Sex. Syst. Dioecia, Hexandria.
In tropical countries (East and West Indies, Africa, Polynesia) the tuberous roots of many species of Dioscorea or Yam [The term yam is frequently, but erroneously, applied to the tubers of Tacca and Arum (see ante, p. 157).] are used as food. Of seventeen species described by Roxburgh, [Fl. Indica, vol. iii. p. 797.] eleven are stated to be employed for food. The four following are cultivated in India, and are esteemed in the order in which they are enumerated: D. globosa, D. alata, D. purpurea, and D. rubella. Roxburgh also says that D. atropurpurea is extensively cultivated at Malacca, Pegu, and the eastern islands; and that D. fasciculata is cultivated to a considerable extent in the vicinity of Calcutta, not only for food, but to make starch of the roots. In the West Indies several species are used as food; the chief are D. aculeata, D. alata, D. bulbifera, and D. sativa. The tuberous roots sold in the London shops as West India yams are said to be those of Ds alata.
Yams are large fleshy roots, sometimes weighing from thirty to forty pounds each. Some of them are highly acrid in the fresh state, but become agreeable articles of food when cooked, owing to the dissipation or decomposition of the acrid principle.

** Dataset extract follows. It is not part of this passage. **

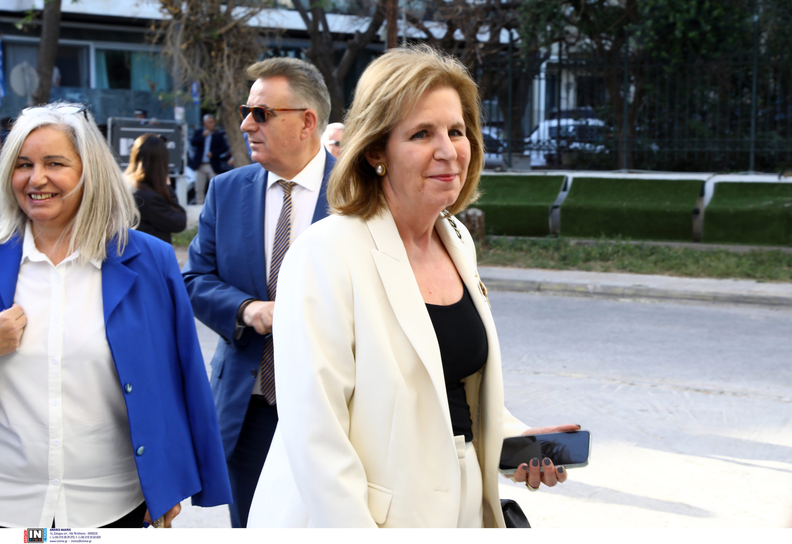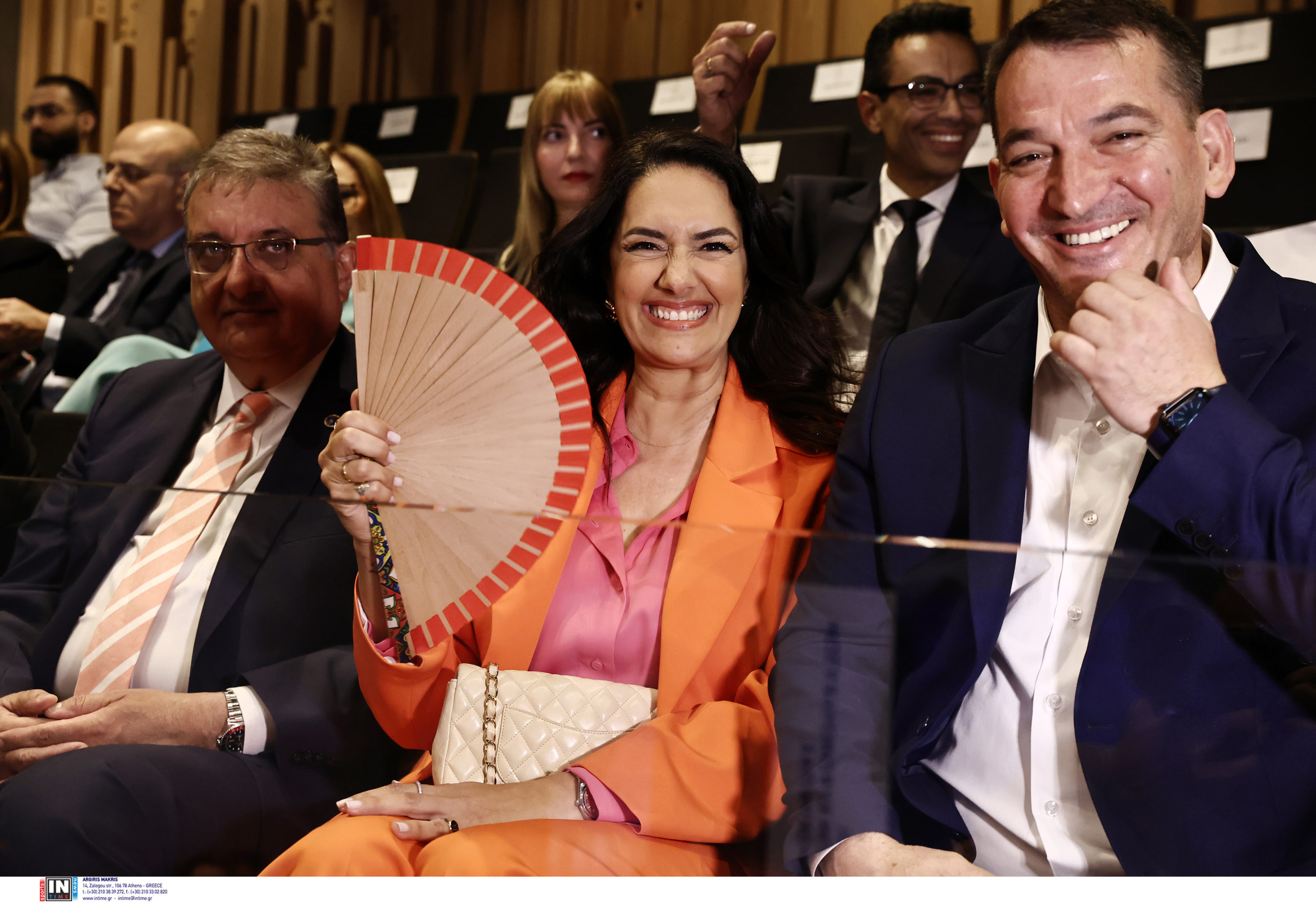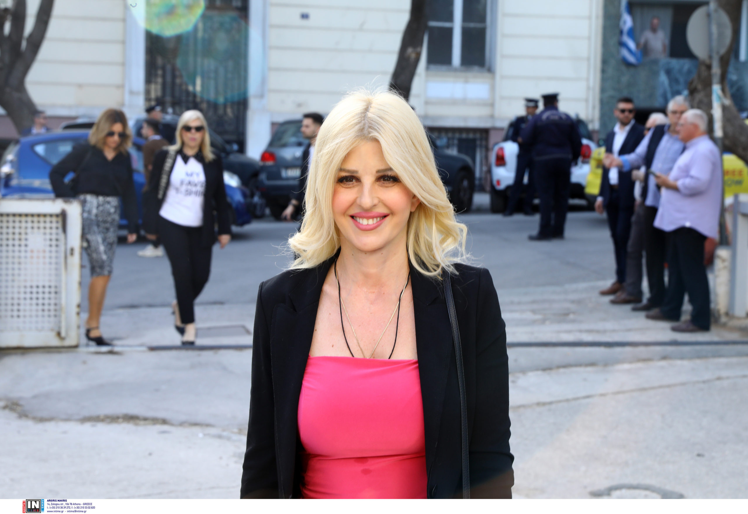 Η Βούλα Πατουλίδου φτάνει στον χώρα όπου έγινε η παρουσίαση.

The fresh root of Dioscorea sativa, from the West Indies, was analyzed by Süersen, [Quoted by L. Gmelin, Handb. d. Chemia, Bd. ii. S. 1334.] who obtained the following results: resin, 0.05; uncrystallizable sugar, 0.26; mucilage, 2.94; starch, 22.66; ligneous fibre, 6.51; nitrogenized matter, quantity undetermined; and water, 67.58. The fresh roots yield 0.52 of ashes, containing carbonate of lime and silica.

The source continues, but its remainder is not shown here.